Depends a bit on where you're going and how you're getting there. I've moved overseas a couple of times, and if you're going for good (or at least for the long term) you want to consider carefully how much "stuff" you want to take with you - especially if you're paying for the move yourself. You also need to take into consideration what sort of a flat/house you're moving to. European homes can be much, much smaller than homes in the US and I can tell you from experience, they have considerably less storage space.


----------



## Moulard

Once upon a time the US postal service offered an M-Bag rate specifically for books and other printed materials. When I returned to Australia from the US, I shipped about half a dozen archive box sized boxes of books, journals etc sea mail ... One large archive box fit into a mailbag, and met both the min and max weight limits.

At the time it was the most economical way to move a library from the US to an international destination.

If it is still offered, it might be suitable for a comic collection. But not for what I assume are collectable toys.


----------



## Bevdeforges

As far as I know, there is no longer any sort of special "book rate" for shipping books or other printed material overseas. Though, as always, it would pay to ask. Otherwise, you pack your various collections in with the other stuff you are planning on shipping over to your new home.


----------



## Moulard

According to the USPS Mail Manual it still exists...but it looks like they now only offer Airmail and Surface Airlift.

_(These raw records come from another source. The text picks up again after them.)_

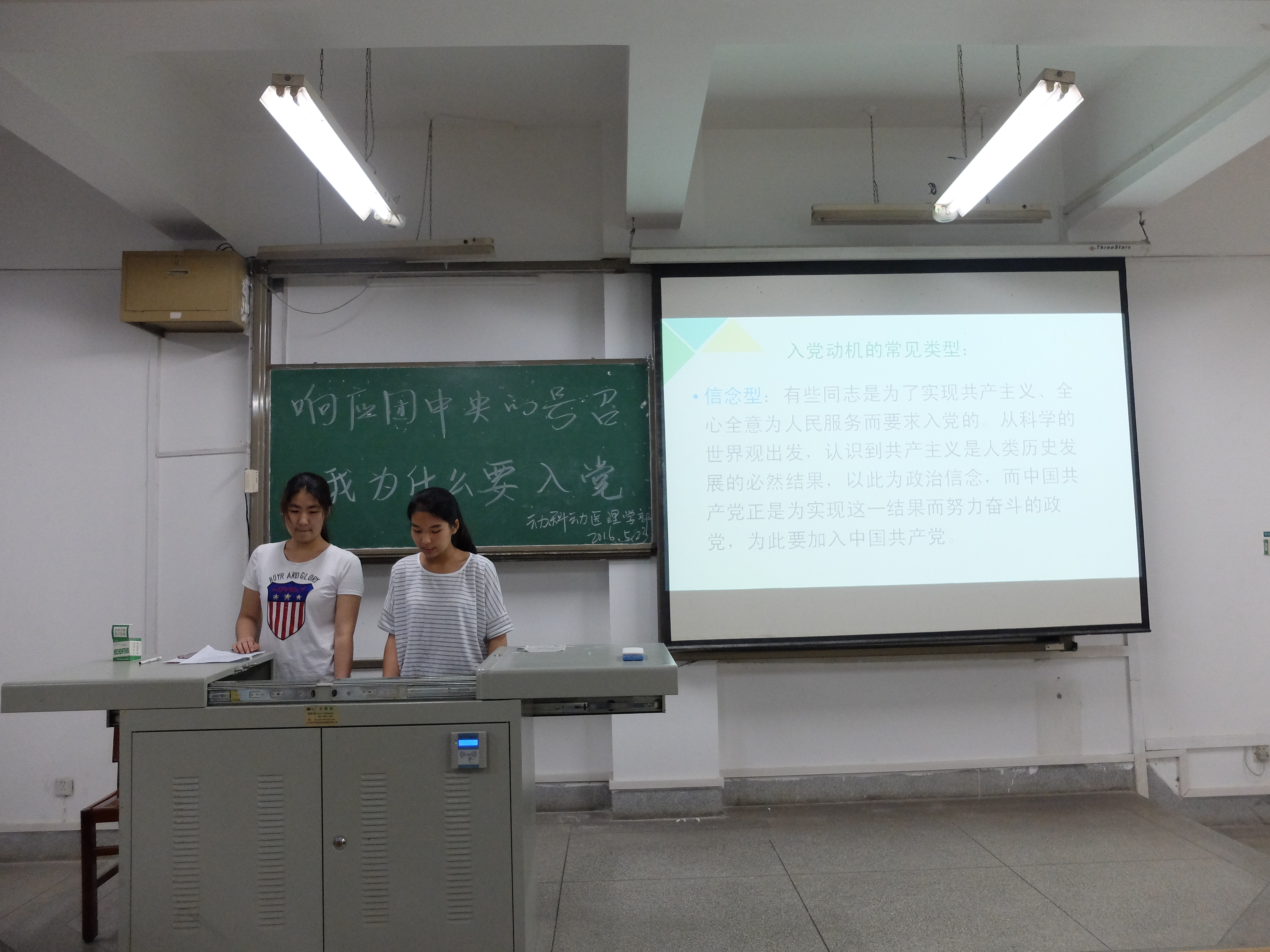 通讯员:许茜 5月23日晚七点半,由我院理论学习部承办的理论研讨会在二教103召开。参加讨论的人员主要是64期入党积极分子。讨论会以小组演讲方式围绕“响应团中央号召的必要性”和“我为什么要入党”两个话题进行探究目的是引导同学正确对待入党问题明确入党动机。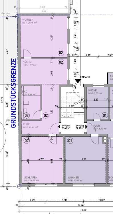 Die Konzeption der Räume entsprechen einem gehobenen Wohnkomfort und einer zeitgemäßen Aufteilung. Das Entrée, die offene Küche mit Essplatz sind zentrales Element der Wohnung. Von ihm gehen Wohn- und Schlafzimmer sowie das Bad ab. Das Schlafzimmer wurde so geplant, dass es durch eine Trennwand noch Möglichkeiten für einen Arbeitsplatz und/ oder einen begehbaren Kleiderschrank gibt.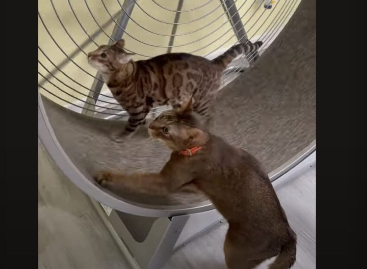 3. 回し車で走る猫! 使い方が独特だけど、運動になるの?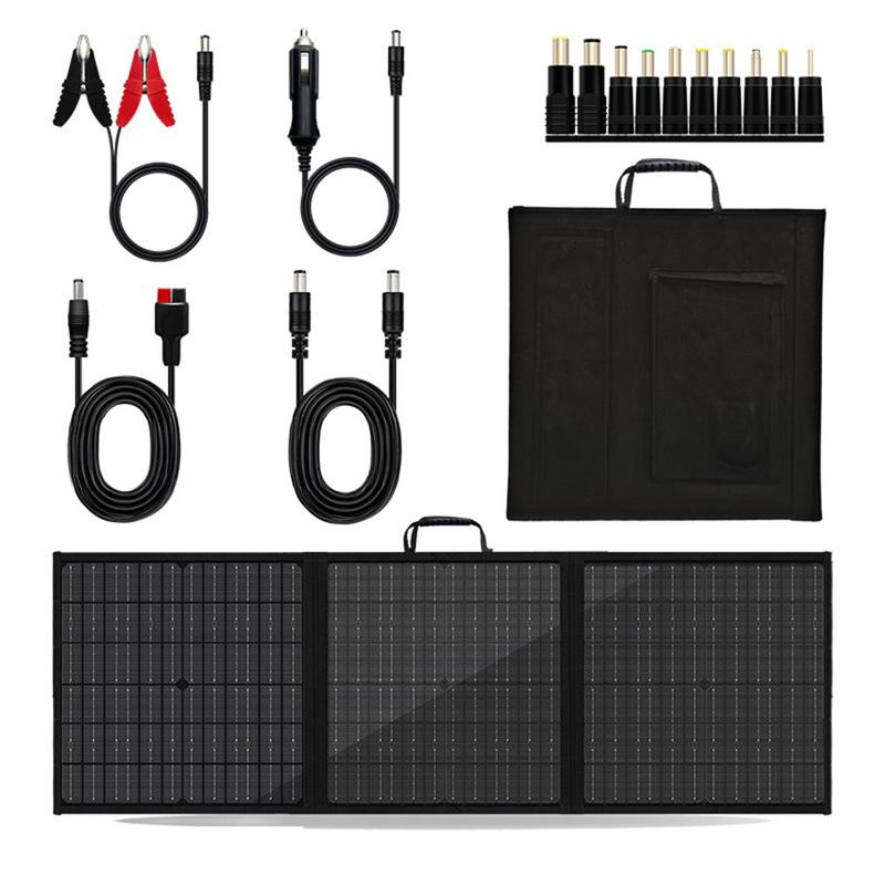 100W tragbares 3-fach-Solarpanel und Ladegerät für Camping und Wandern - IP65 - Schwarz

Depending on the volume and value SAL may or may not be economical .





__





260 Direct Sacks of Printed Matter to One Addressee (M–bags) | Postal Explorer







pe.usps.com









__





Loading…






faq.usps.com





Even 20-odd years ago, the person at the counter had never heard of it, and I had to speak to the postmaster.


----------



## Harry Moles

God, I did that once in the mid-90s. It was horrible dragging a 30kg sack of books across town and up four flights of stairs, but it was cheap.


----------